Breanna was beginning to think that getting the renovations done would be a breeze compared to dealing with her oldest son.
“Hey, I know what. Do you guys want some ice cream?” They were about to pass Mojo’s, which had a good selection of flavors in cones or cups.
“Yeah!” Lucas bounced up and down a little in his seat.
“Whatever,” Michael said.
Breanna figured she could use a little sugar right now herself, regardless of what the kids thought.
2
By the end of the workday, all Jake wanted was a shower, a hot meal, and a beer. A little mindless TV viewing wouldn’t have been unwelcome.
But Sam, his roommate, had other ideas.
Sam, a 150-pound Newfoundland with shaggy black and white fur and a drooling problem, bounded at Jake as soon as he came in the door. Sam’s customary greeting was always unsettling—it was all Jake could do not to let himself be hurled to the ground like Fred Flintstone.
“Whoa, whoa, whoa. Sam, get down.” Jake ordered Sam to desist, as he did every day.
Sam ignored him, like he did every day.
The dog was standing on his hind legs with his paws on Jake’s shoulders, as though they were about to dance. Sam attempted to vigorously lick Jake’s face, but a man had to draw the line somewhere. With his hands grasping the dog’s armpits—assuming a dog even had armpits—Jake lowered Sam to the ground.
The front door was still open; Jake hadn’t even made it past the threshold before the dog had overwhelmed him with a combination of bulk and affection.
Sam, now with all four paws on the ground, was quivering with excitement. Jake wasn’t going to g
et a moment’s rest until he walked Sam, who’d been cooped up in the house all day while Jake was at work.

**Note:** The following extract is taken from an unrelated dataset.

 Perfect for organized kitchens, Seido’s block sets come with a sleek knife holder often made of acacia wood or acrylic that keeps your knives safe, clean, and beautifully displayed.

“You could at least let a guy relax a little,” Jake grumbled as he went into the house to get Sam’s leash.
He grabbed the leash from the hook by the door, then froze in horror.
“Ah, jeez. You’ve got to be kidding me.”
Jake had worried that Sam might have an accident on the floor, but what he’d done had been no accident. It had been deliberate as hell.

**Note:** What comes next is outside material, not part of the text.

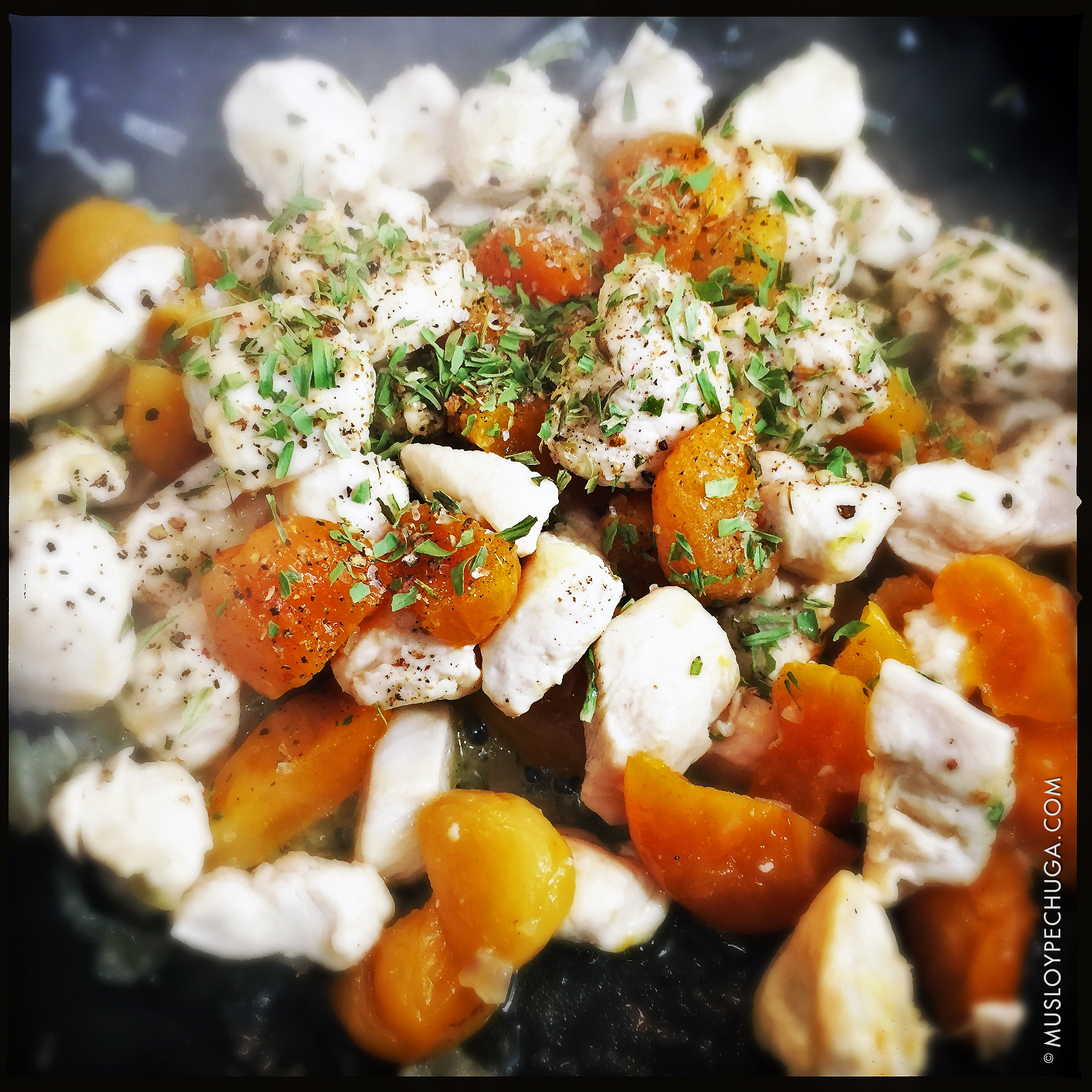 Es esta, una vez más, una receta de origen francés que, en realidad puede ser elaborada con pechugas de cualquier tipo de ave. De hecho, y originariamente, habría de prepararse con carne de pintada, más sabrosa y firme. En cualquier caso, esta versión preparada con unas más accesibles pechugas de pollo –y una vez hecha la salvedad– no desdice en absoluto el resultado de la original. Y, puestos a hacer variaciones, también resulta deliciosa sustituyendo los albaricoques por unas olivas desaladas, deshuesadas y troceadas. A gusto del cocinero y de sus comensales!

While Jake had been at work, the dog had knocked over a side table, ripped a houseplant out of a pot that had been on the table, and dragged the plant around the living room, leaving a trail of potting soil over the carpet and the sofa, and even smearing some on the wall.
The plant in question had been placed inside one of Jake’s shoes, as though it were being presented as a gift.
Sam looked at him adoringly, trembling with excitement as Jake surveyed his handiwork.
“Get in the car. I’m taking you to the pound.”
Sam’s tail thumped against the floor.